[[ AVAILABLE RECORDS open ]]
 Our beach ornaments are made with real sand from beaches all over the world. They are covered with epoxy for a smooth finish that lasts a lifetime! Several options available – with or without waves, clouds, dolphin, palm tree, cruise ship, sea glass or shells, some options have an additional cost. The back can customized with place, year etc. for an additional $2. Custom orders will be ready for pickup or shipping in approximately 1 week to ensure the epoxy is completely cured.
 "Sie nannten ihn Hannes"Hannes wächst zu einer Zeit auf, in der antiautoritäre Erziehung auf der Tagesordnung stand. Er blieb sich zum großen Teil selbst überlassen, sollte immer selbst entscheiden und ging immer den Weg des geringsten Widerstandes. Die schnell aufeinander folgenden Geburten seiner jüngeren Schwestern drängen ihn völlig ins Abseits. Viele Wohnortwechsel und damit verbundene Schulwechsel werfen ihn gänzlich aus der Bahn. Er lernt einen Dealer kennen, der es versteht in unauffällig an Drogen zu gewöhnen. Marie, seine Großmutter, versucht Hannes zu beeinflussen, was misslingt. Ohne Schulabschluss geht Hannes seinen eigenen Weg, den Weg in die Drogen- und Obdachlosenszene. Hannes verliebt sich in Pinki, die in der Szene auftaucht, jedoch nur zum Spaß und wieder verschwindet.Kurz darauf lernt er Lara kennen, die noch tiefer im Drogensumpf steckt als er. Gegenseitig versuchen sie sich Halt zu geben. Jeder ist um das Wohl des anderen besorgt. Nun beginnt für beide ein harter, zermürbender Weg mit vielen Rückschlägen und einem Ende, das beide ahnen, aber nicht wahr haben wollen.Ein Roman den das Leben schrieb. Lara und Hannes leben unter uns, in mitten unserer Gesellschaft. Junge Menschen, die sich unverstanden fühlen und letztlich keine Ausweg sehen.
[[ AVAILABLE RECORDS closed ]]
[[ AVAILABLE RECORDS open ]]
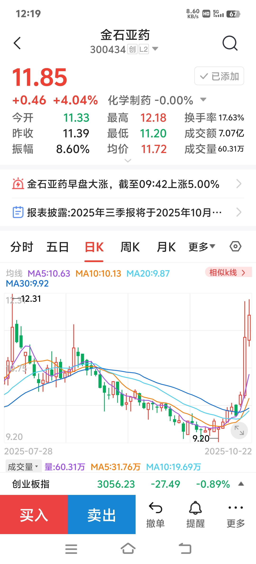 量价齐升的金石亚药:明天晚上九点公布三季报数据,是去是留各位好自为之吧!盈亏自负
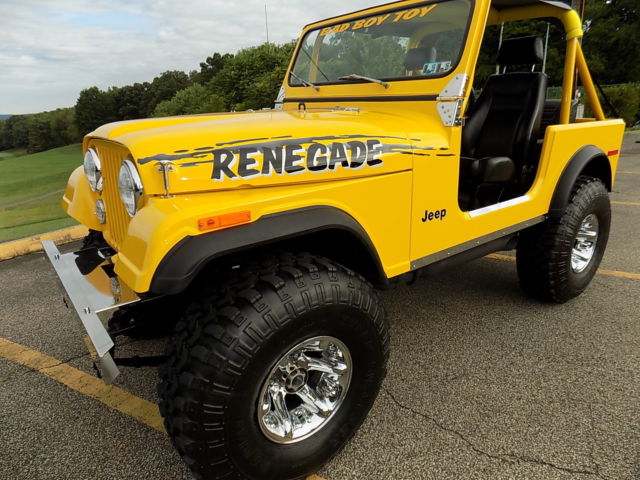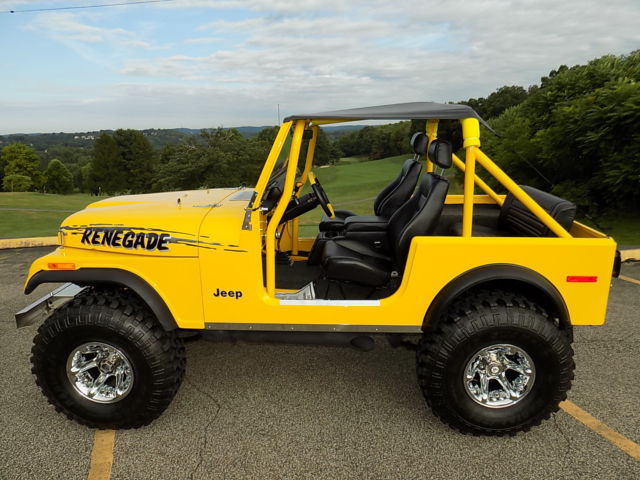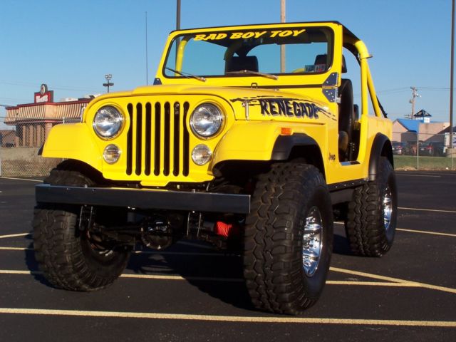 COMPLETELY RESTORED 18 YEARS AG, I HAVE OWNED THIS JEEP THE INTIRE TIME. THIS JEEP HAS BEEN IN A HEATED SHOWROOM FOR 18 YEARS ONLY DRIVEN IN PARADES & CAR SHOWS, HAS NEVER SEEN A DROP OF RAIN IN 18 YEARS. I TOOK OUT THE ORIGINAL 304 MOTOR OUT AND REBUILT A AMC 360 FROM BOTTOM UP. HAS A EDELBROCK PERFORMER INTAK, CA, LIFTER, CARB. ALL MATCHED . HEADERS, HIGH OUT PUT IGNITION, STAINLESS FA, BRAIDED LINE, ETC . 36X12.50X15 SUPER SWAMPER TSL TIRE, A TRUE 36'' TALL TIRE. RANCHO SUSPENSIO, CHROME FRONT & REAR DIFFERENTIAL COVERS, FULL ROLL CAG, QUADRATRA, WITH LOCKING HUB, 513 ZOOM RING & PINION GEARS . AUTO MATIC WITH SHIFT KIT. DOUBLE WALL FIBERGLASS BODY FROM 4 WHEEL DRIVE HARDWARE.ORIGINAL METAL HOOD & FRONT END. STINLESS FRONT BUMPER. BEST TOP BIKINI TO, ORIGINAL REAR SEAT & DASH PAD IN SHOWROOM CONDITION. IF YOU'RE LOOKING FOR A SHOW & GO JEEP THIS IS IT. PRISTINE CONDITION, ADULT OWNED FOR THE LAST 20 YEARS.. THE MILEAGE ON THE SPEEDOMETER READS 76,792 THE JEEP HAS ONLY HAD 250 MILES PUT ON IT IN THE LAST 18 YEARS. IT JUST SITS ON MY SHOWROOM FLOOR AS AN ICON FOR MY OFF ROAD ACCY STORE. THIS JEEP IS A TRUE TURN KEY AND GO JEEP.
[[ AVAILABLE RECORDS closed ]]
[[ AVAILABLE RECORDS open ]]
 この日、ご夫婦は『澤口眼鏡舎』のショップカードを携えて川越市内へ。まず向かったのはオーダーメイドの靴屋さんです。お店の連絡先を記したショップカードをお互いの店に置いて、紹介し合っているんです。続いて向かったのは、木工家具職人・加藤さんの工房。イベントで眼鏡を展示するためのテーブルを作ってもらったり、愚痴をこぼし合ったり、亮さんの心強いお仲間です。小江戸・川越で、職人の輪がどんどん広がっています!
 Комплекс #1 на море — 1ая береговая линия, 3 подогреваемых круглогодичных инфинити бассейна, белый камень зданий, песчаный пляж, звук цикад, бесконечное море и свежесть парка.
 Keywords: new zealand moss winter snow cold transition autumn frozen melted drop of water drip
[[ AVAILABLE RECORDS closed ]]
▶ [TASK DESCRIPTION] Set down only the lines above that fall between the line holding "この日、ご夫婦は『澤口眼鏡舎" and the line holding "Keywords: new zealand", inclusive, keeping each exact.

▶ [ANSWER FOR THIS EXERCISE]
 この日、ご夫婦は『澤口眼鏡舎』のショップカードを携えて川越市内へ。まず向かったのはオーダーメイドの靴屋さんです。お店の連絡先を記したショップカードをお互いの店に置いて、紹介し合っているんです。続いて向かったのは、木工家具職人・加藤さんの工房。イベントで眼鏡を展示するためのテーブルを作ってもらったり、愚痴をこぼし合ったり、亮さんの心強いお仲間です。小江戸・川越で、職人の輪がどんどん広がっています!
 Комплекс #1 на море — 1ая береговая линия, 3 подогреваемых круглогодичных инфинити бассейна, белый камень зданий, песчаный пляж, звук цикад, бесконечное море и свежесть парка.
 Keywords: new zealand moss winter snow cold transition autumn frozen melted drop of water drip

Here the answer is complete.